Não adianta
pensar no mundo como sendo dividido entre imbecis e não imbecis ou, se achar
melhor, entre trolls e vítimas.
Cada um de
nós tem um troll interior. Antigamente, antes de todo mundo fazer isso, era
mais fácil notar como é bizarro quando seu troll interior se manifesta. É como
se um alienígena horrível — do qual você havia esquecido há muito tempo —
vivesse dentro de você. Não deixe seu troll interior assumir o controle! Se
isso sempre acontece em uma situação específica, evite essa situação! Não
importa se é uma plataforma on-line, um relacionamento ou um trabalho. Seu
caráter é como sua saúde, mais valioso do que qualquer coisa que se possa comprar.
Não o jogue fora.
Isso é um
problema tão comum que deve ser um lance profundo,
primitivo,
uma tragédia de nossa herança, um defeito estúpido no cerne da condição humana.
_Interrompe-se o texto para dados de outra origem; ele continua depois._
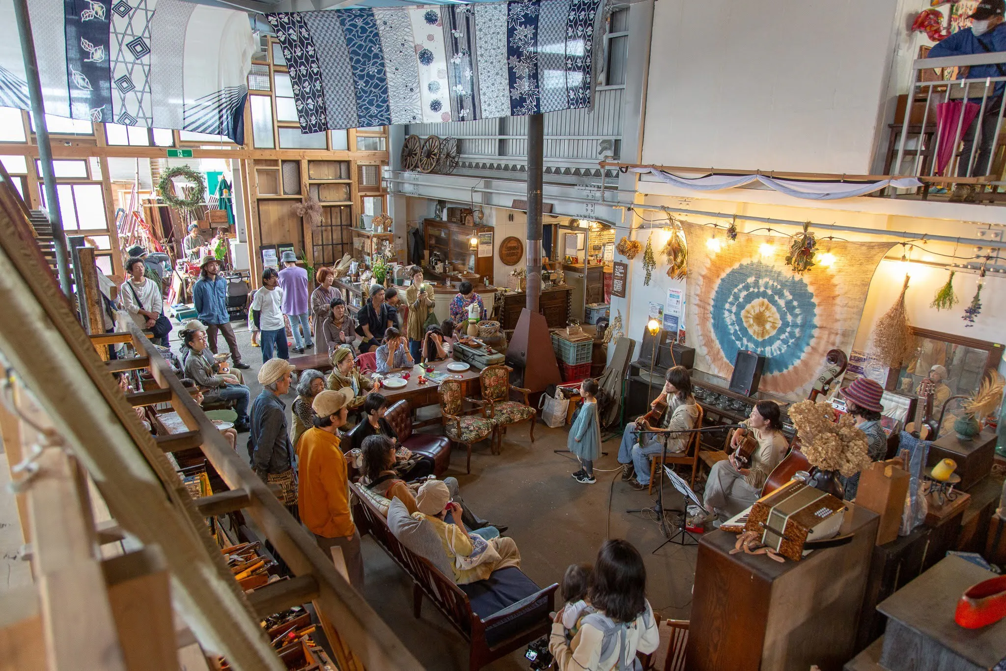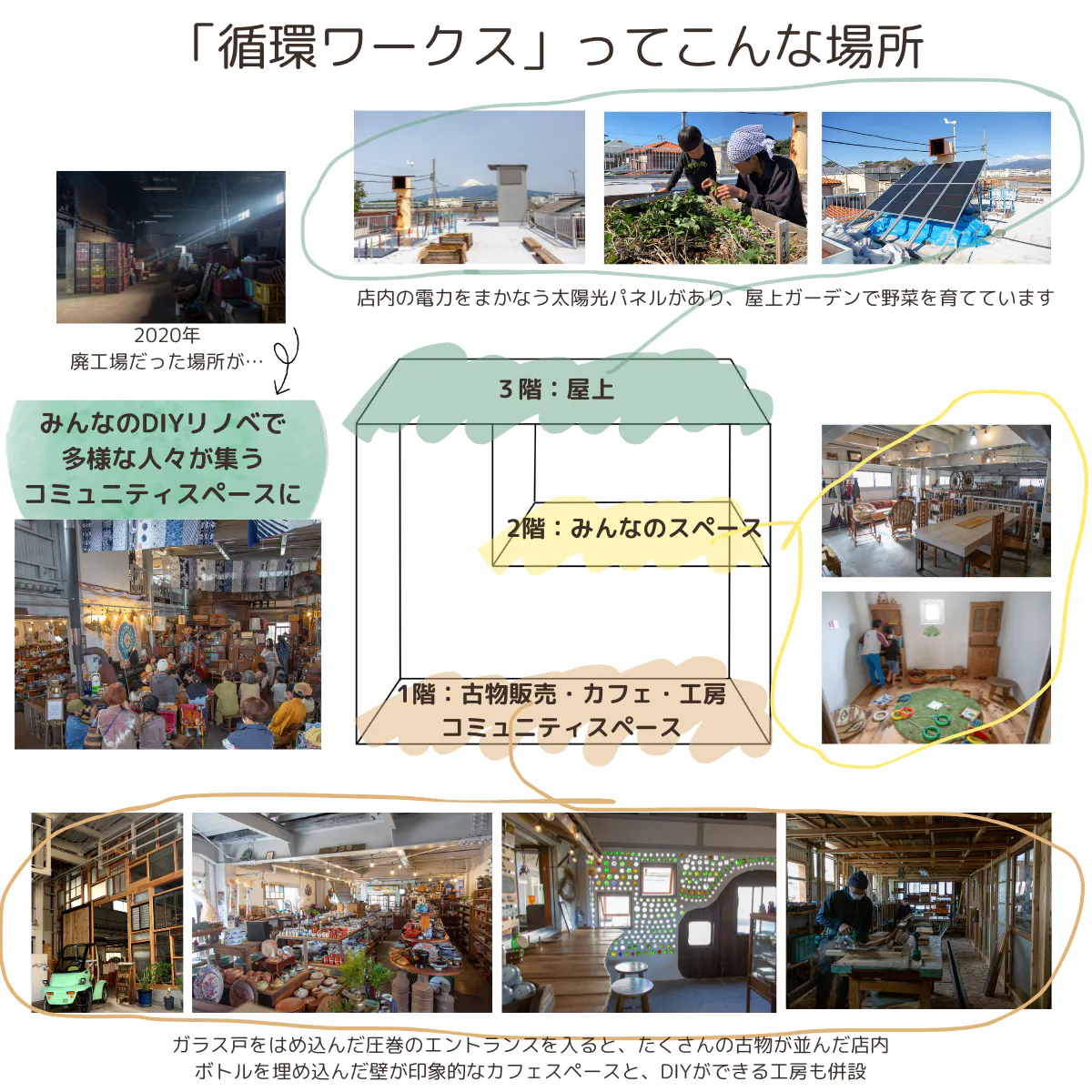 環境に寄り添い「ヒト」「モノ」「コト」を循環させて、よりよい生活のしくみを考える「循環工場」としてコミュニティスペースを運営しています。「循環ワークス」の普段の活動は、不要な古物の回収と販売、オーガニックカフェ、ワークショップなどを行っています。

Mas dizer isso não nos leva a lugar nenhum. O que é exatamente o troll interior?
Primeiro de
tudo, às vezes o troll interior assume o controle, às vezes não. A hipótese em
que trabalho há muito tempo é a de que existe um interruptor no fundo de cada
personalidade humana que pode ser ligado em dois modos.
Somos como
os lobos. Podemos ser solitários ou fazer parte de uma alcateia. Por isso chamo
esse mecanismo de interruptor Solitário/Alcateia. Somos mais livres na condição
de lobos solitários. Somos cautelosos, mas também capazes de ter mais alegria.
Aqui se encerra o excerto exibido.